The reactor aims to produce a record-breaking plasma temperature for a privately-funded venture of 100 million degrees. This is almost seven times hotter than the centre of the Sun and the temperature necessary for controlled fusion.
The ST40 fusion reactor (Image: Tokamak Energy) |
Jonathan Carling, Tokamak Energy CEO, said: "We are taking significant steps towards achieving fusion energy and doing so with the agility of a private venture, driven by the goal of achieving something that will have huge benefits worldwide.
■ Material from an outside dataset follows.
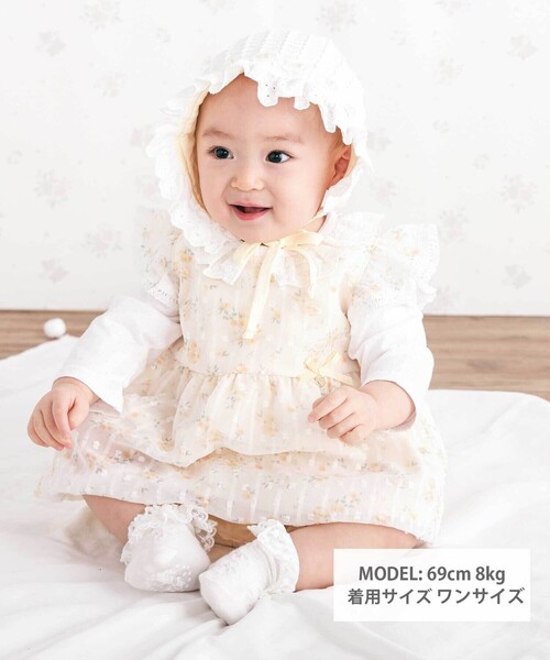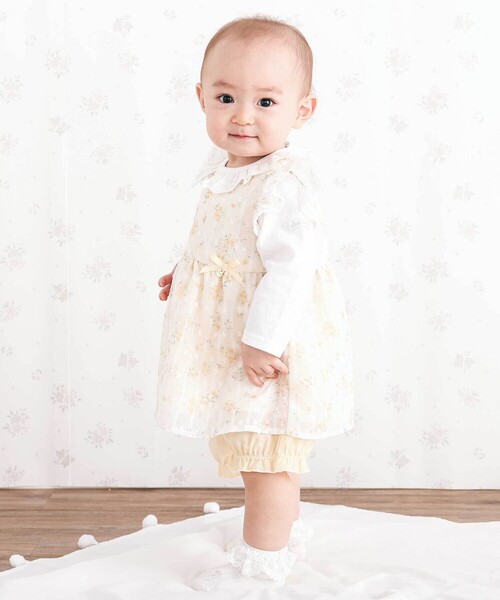 商品名:花柄シフォンレースワンピース+フリルブルマセットアップベビー(70~80cm)
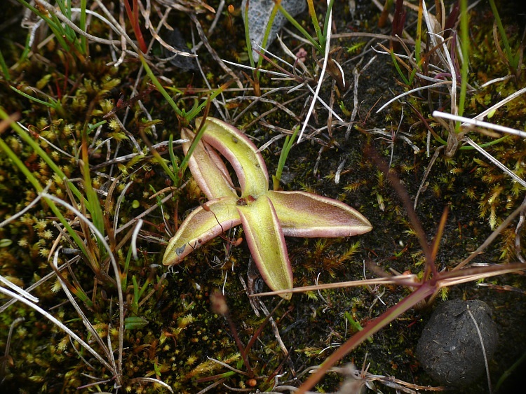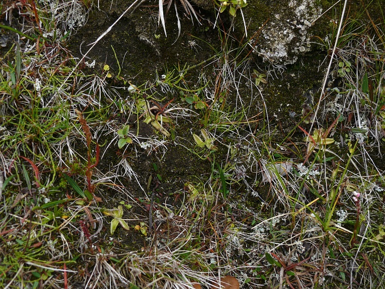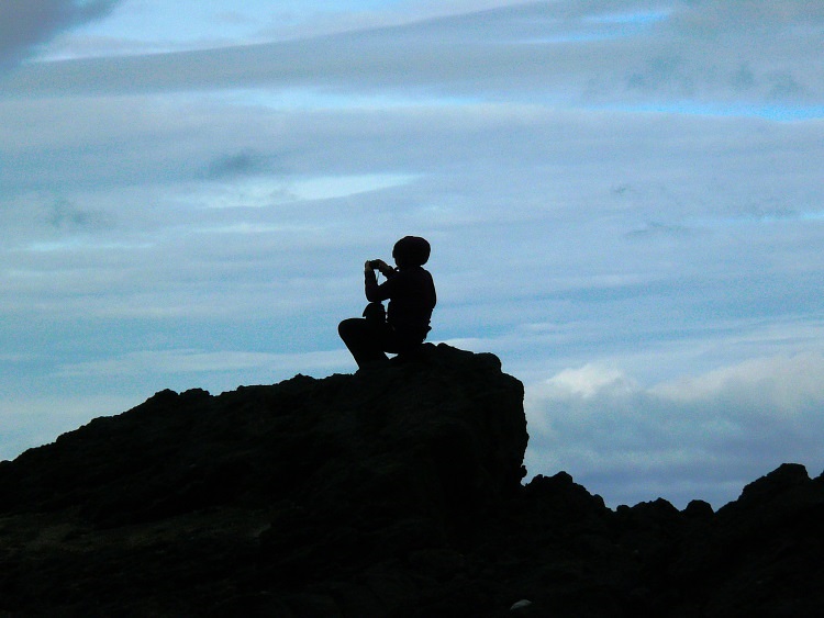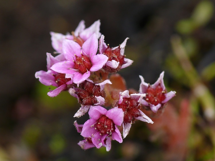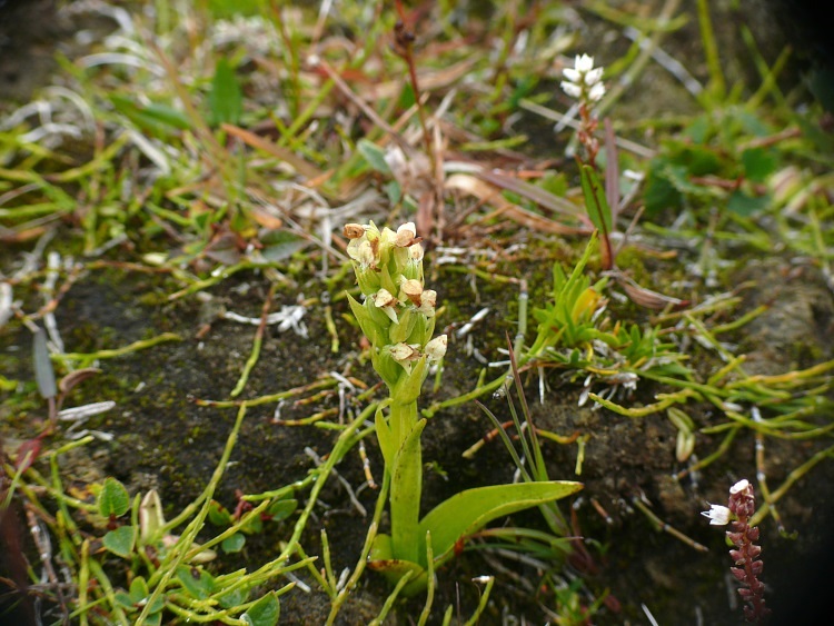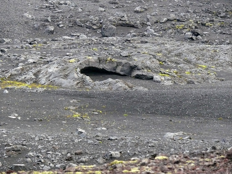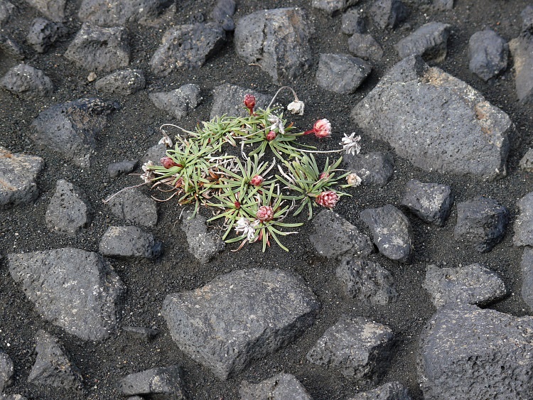 Kleine Farbtupfer im Schwarz-Weiß des Vulkangesteins.

"Reaching 15 million degrees is yet another indicator of the progress at Tokamak Energy and a further validation of our approach. Our aim is to make fusion energy a commercial reality by 2030. We view the journey as a series of engineering challenges, raising additional investment on reaching each new milestone."
The ST40 is the third machine in the company's five-stage plan to achieve "abundant, clean fusion energy", with its target of "industrial scale" energy production by 2025.
The Tokamak Energy approach is based on well-established science and is advancing rapidly, the company said. Its next target is to push on to achieve the temperatures necessary for controlled fusion on Earth.
Tokamak Energy grew out of the Culham Centre for Fusion Energy, which is also based in Oxfordshire. A key innovation, it says, is that the company combines spherical tokamaks with the latest generation of high temperature superconducting magnets.